- Michael Vale in Marathon Man 1976
- Born: June 28, 1922 New York City, U.S.
- Died: December 24, 2005 (aged 83) New York City, U.S.
- Occupation: Actor
- Years active: 1953–1997
- Known for: Fred the Baker

= Michael Vale =

American actor (1922–2005)

Michael Vale (June 28, 1922 – December 24, 2005) was an American character actor famous for being the longtime sleepy-eyed mascot Fred the Baker for donut chain Dunkin' Donuts, with his famous catchphrase "Time to make the donuts." He was featured for 15 years until he retired in 1997, having done more than 1,300 television commercials. Vale also reprised the role for commercials for the short-lived Dunkin' Donuts Cereal. He died of complications from diabetes at age 83 in Manhattan at New York-Presbyterian Hospital, and was cremated.

==Personal life==
Growing up in Brooklyn, New York, Vale was dubbed "the actor" by his childhood friends because of his ability to imitate ballplayers and celebrities. After serving in the U.S. Army Signal Corps in Europe during World War II, he studied at the Dramatic Workshop at The New School with classmates Tony Curtis, Ben Gazzara, and Rod Steiger.

==Career==
One of his earliest appearances was in a summer stock production of George Bernard Shaw's Androcles and the Lion.

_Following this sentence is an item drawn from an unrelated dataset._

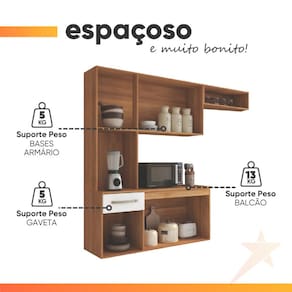 O Armário de Cozinha Completa Suspenso Belíssima traz qualidade, elegância e praticidade para o seu dia a dia. Contém 6 portas com prateleiras bem divididas para melhor aproveitamento do espaço, armário aéreo com nicho organizador, puxadores modernos e balcão com tampo que se torna uma excelente bancada para acomodar seus utensílios de cozinha. Com muita funcionalidade, vai deixar seu lar ainda mais bonito. MEDIDAS: [ A ] = 135 cm [ L ] = 165 cm [ P ] = 35 cm MODELO: Armário de Cozinha Completa Suspenso Belíssima MARCA:Fiorello COR: Freijó/Branco ACABAMENTO: Pintura UV MATERIAL DA ESTRUTURA: MDP ESPESSURA DO MATERIAL: 12mm PORTAS: 6 TIPO DE PORTA: Bater DOBRADIÇAS: Metálicas GAVETAS: 1 GAVETA SUPORTA ATÉ: 2kg CORREDIÇAS: Metálicas MATERIAL DOS PUXADORES: ABS NICHOS: 2 PESO: 35kg GARANTIA: 3 Meses INSTRUÇÕES E CUIDADOS: Utilizar pano macio e seco, não utilizar produtos abrasivos. A Esplanada Móveis se responsabiliza pela entrega dos produtos adquiridos até a porta de entrada ou portaria do endereço indicado, se a portaria do condomínio permitir, as entregas são efetuadas no piso térreo e é de responsabilidade do cliente a locomoção da mercadoria até seu apartamento ou casa. Confira as dimensões do produto e certifique-se de que estão adequadas aos elevadores, portas e corredores do local da entrega. Não fazemos a montagem, desmontagem do produto e/ou portas e janelas, transporte pela escada ou içamento pelo lado de fora do prédio. Não está incluso no serviço de entrega o deslocamento até o interior do apartamento, com ou sem elevador, ou deslocamento em locais de difícil acesso como escadarias. Caso o cliente necessite de entrega dentro das dificuldades mencionadas, deverá entrar em contato para análise e cotação do valor do serviço. Certifique-se de tudo antes de finalizar a compra, evitando assim futuros desagrados ou imprevistos com a entrega.

Vale later described his modest role: "I was thrown to the lions."

He was a longtime spokesman for Kraft Foods' Breakstone line of cottage cheese and sour cream products, for whom he portrayed long-suffering dairy owner "Sam Breakstone". The focus on those commercials is Sam's dedication to quality, usually with Sam having a comedic "eureka" moment on how to make a better product.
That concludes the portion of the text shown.